Wednesday, March 21, 2012

2 Timothy 2:22-26


 22Flee the evil desires of youth, and pursue righteousness, faith, love and peace,
along with those who call on the Lord out of a pure heart. 23Don’t have anything
to do with foolish and stupid arguments, because you know they produce
quarrels. 24And the Lord’s servant must not quarrel; instead, he must be kind
to everyone, able to teach, not resentful. 25Those who oppose him he must
gently instruct, in the hope that God will grant them repentance leading them to
a knowledge of the truth, 26and that they will come to their senses and escape
from the trap of the devil, who has taken them captive to do his will.

Meditation:
1. Slowly read these verses.  Imagine Paul is sitting beside me, speaking these
words to me directly.  How do I feel when I hear them?  What part of the
passage resonates most with me?  Why?  Maybe the “evil desires of youth”
seem a little patronizing.  Maybe I just like to have “foolish and stupid
arguments”, or there is still bitterness in me that I get into “quarrels” a lot.
Perhaps Christian maturity such as “be kind to everyone, able to teach, not
resentful” seems impossible or defeating.  Maybe with some people I’ve lost
hope that they might “come to their senses”.
2. Continue to sit in a comfortable position being as still and silent as possible.
Silent, still.  Listen for the gentle whisper of God’s voice in the midst of
the silence.  Maybe he will show me a spot of childishness or one of
righteousness.  Maybe he will offer me hope.
3. Continue to sit in silence and explore what God might want me to do with
this instruction.  How am I to live it out today?

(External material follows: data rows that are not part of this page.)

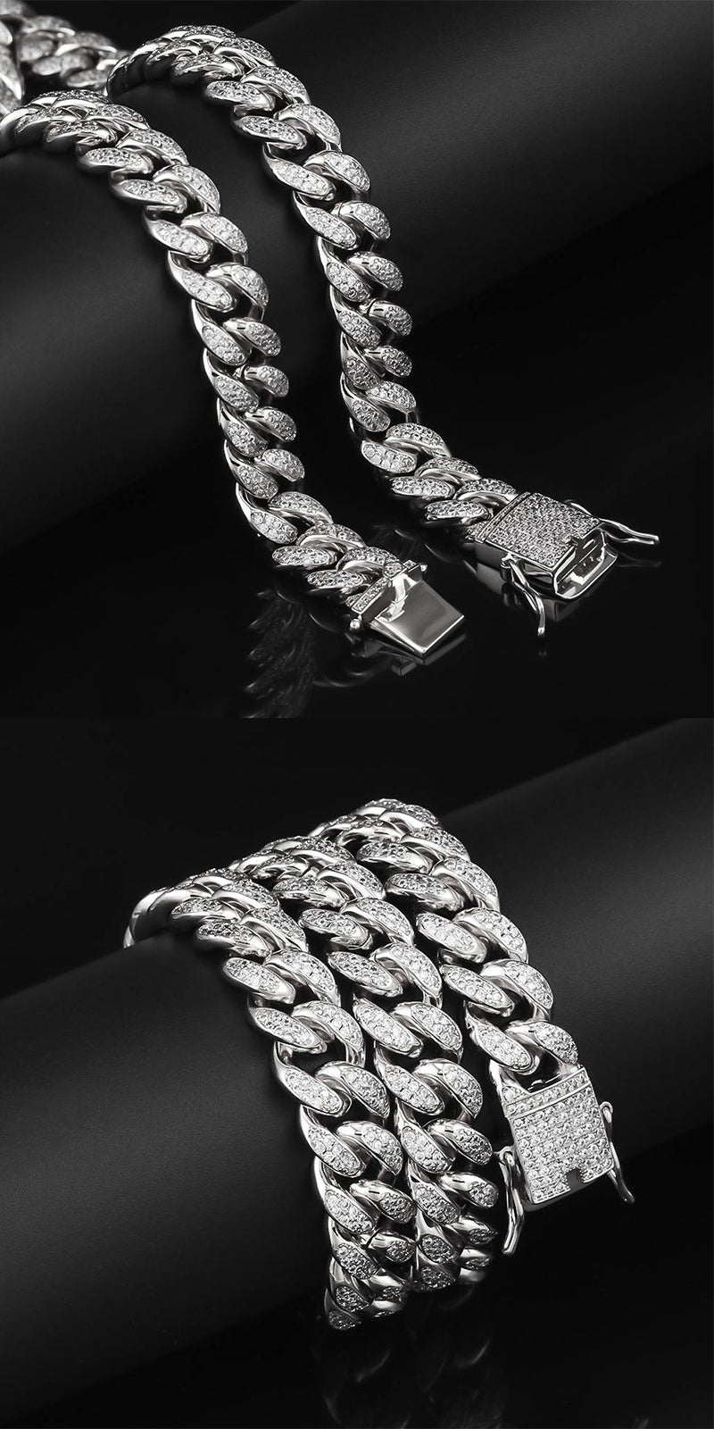 12MM White Gold Plated Iced Out Flooded Cuban Link Chain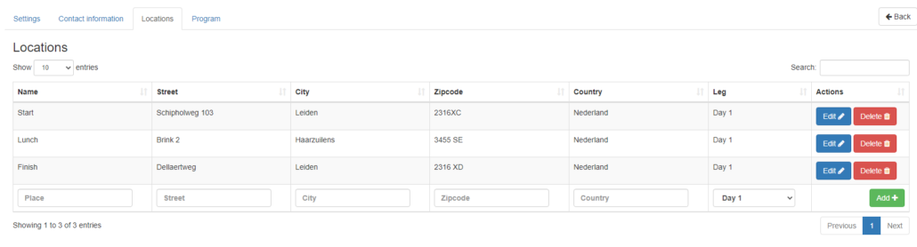 Locations can be assigned to a Leg. This way you can enter the locations of the Start, Finish and other locations that may be necessary for Participants to have on hand.
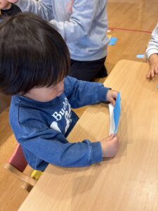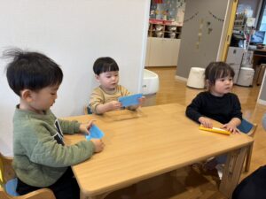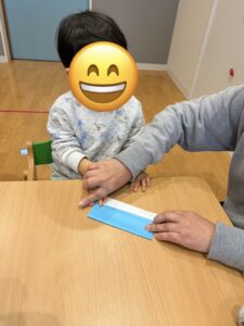 折り紙で新幹線を折りました🚅難しいところは保育士と一緒に作りましたよ♪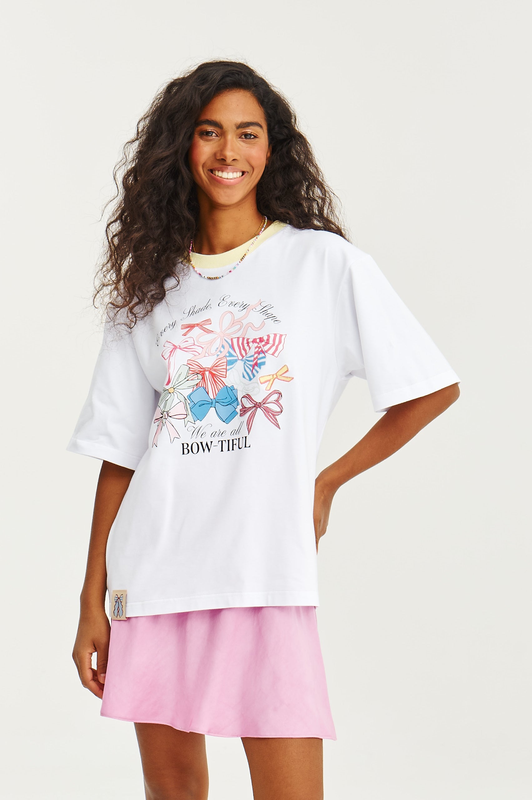 To coś więcej niż zwykła koszulka. To manifest radości, kobiecości i indywidualności. T-shirt Bow-Tiful zdobi haftowany bukiet kolorowych kokardek oraz prawdziwa, doszyta kokarda – detal, który nadaje projektowi trójwymiarowy, biżuteryjny efekt. Wzór opatrzony hasłem "Every Shade. Every Style. We are all BOW-TIFUL" przypomina, że różnorodność to nasza siła.

This week? This month?

Personal Note:
I am challenged to pursue righteousness, faith, love, and peace along with those who call on the Lord out of a pure heart v.22.  I find that unless I hang out with brothers and sisters with the same passion, my faith and passion fades away very quickly.  I recall in TC, we are all applying this verse, and the passion and energy was there to pursue after God.

Regarding a pure heart, as I reflected upon my own journey and given the fact that there is a "No Macking" rule in TC, I realize that I never really pursue after Christ with a pure heart.  I came to God because I wanted a girlfriend.  I came to God because I wanted to be rich and successful.  I came to God because I am desperate in leading the church.  The only pure motivation for pursuing faith, love, and peace, etc is out of the love for God in response to the love that God has for me.

I know that I will never ever be totally pure when I come to God.  I am willing to lay down my sins by the grace of God and be shaped and used for His purpose.